Atento a cuanto se decía de Villa y el villismo, y a cuanto veía a mi alrededor, a menudo me preguntaba yo en Ciudad Juárez qué hazañas serían las que pintaban más a fondo la División del Norte: si las que se suponían estrictamente históricas, o las que se calificaban de legendarias; si las que se contaban como algo visto dentro de la más escueta realidad, o las que traían ya tangibles, con el toque de la exaltación poética, las revelaciones esenciales. Y siempre eran las proezas de este segundo orden las que se me antojaban más verídicas, las que, a mi juicio, eran más dignas de hacer Historia.

Porque ¿dónde hallar, pongo por caso, mejor pintura de Rodolfo Fierro —y Fierro y el villismo eran espejos contrapuestos, modos de ser que se reflejaban infinitamente entre sí— que en el relato que ponía a aquél ante mis ojos, después de una de las últimas batallas, entregado a consumar, con fantasía tan cruel como creadora de escenas de muerte, las terribles órdenes de Villa? Verlo así era como sentir en el alma el roce de una tremenda realidad cuya impresión se conservaba para siempre.

Aquella batalla, fecunda en todo, había terminado dejando en manos de Villa no menos de quinientos prisioneros. Villa mandó separarlos en dos grupos: de una parte los voluntarios orozquistas a quienes llamabancolorados; de la otra, los federales. Y como se sentía ya bastante fuerte para actos de grandeza, resolvió hacer un escarmiento con los prisioneros del primer grupo, mientras se mostraba benigno con los otros.

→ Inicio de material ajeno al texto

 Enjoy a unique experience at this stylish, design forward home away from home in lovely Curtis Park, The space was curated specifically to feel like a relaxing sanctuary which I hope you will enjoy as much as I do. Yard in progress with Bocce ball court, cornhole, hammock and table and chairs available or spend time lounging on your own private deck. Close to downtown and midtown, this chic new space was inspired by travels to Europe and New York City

A los colorados se les pasaría por las armas antes de que oscureciese; a los federales se les daría a elegir entre unirse a las tropas revolucionarias o bien irse a sus casas mediante la promesa de no volver a hacer armas contra los constitucionalistas.

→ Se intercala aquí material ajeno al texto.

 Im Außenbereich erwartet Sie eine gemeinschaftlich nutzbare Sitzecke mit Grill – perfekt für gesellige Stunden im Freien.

Fierro, como era de esperar, fue el encargado de la ejecución, a la cual dedicó desde luego la eficaz diligencia que tan buen camino le auguraba ya en el ánimo de Villa, o, según decía él: de “su jefe”.

Declinaba la tarde. La gente revolucionaria, tras de levantar el campo, iba reconcentrándose lentamente en torno del humilde pueblecito que había sido objetivo de la acción. Frío y tenaz, el viento de la llanura chihuahuense empezaba a despegar del suelo y apretaba los grupos de jinetes y de infantes: unos y otros se acogían al socaire de las casas. Pero Fierro —a quien nunca detuvo nada ni nadie— no iba a rehuir un airecillo fresco que a lo sumo barruntaba la helada de la noche. Hizo cabalgar a su caballo de anca corta, contra cuyo pelo oscuro, cano por el polvo de la batalla, rozaba el borde del sarape gris. Iba así al paso. El viento le daba de lleno en la cara, mas él no trataba de eludirlo clavando la barbilla en el pecho ni levantando los pliegues del embozo. Llevaba enhiesta la cabeza, arrogante el busto, bien puestos los pies en los estribos y elegantemente dobladas las piernas entre los arreos de campaña sujetos a los tientos de la montura. Nadie lo veía, salvo la desolación del llano y uno que otro soldado que pasaba a distancia. Pero él, acaso inconscientemente, arrendaba de modo que el animal hiciera piernas como para lucirse en un paseo. Fierro se sentía feliz: lo embargaba el placer de la victoria —de la victoria, en la cual nunca creía hasta consumarse la completa derrota del enemigo—, y su alegría interior le afloraba en sensaciones físicas que tornaban grato el hostigo del viento y el andar del caballo después de quince horas de no apearse. Sentía como caricia la luz del sol —sol un tanto desvaído, sol prematuramente envuelto en fulgores encendidos y tormentosos.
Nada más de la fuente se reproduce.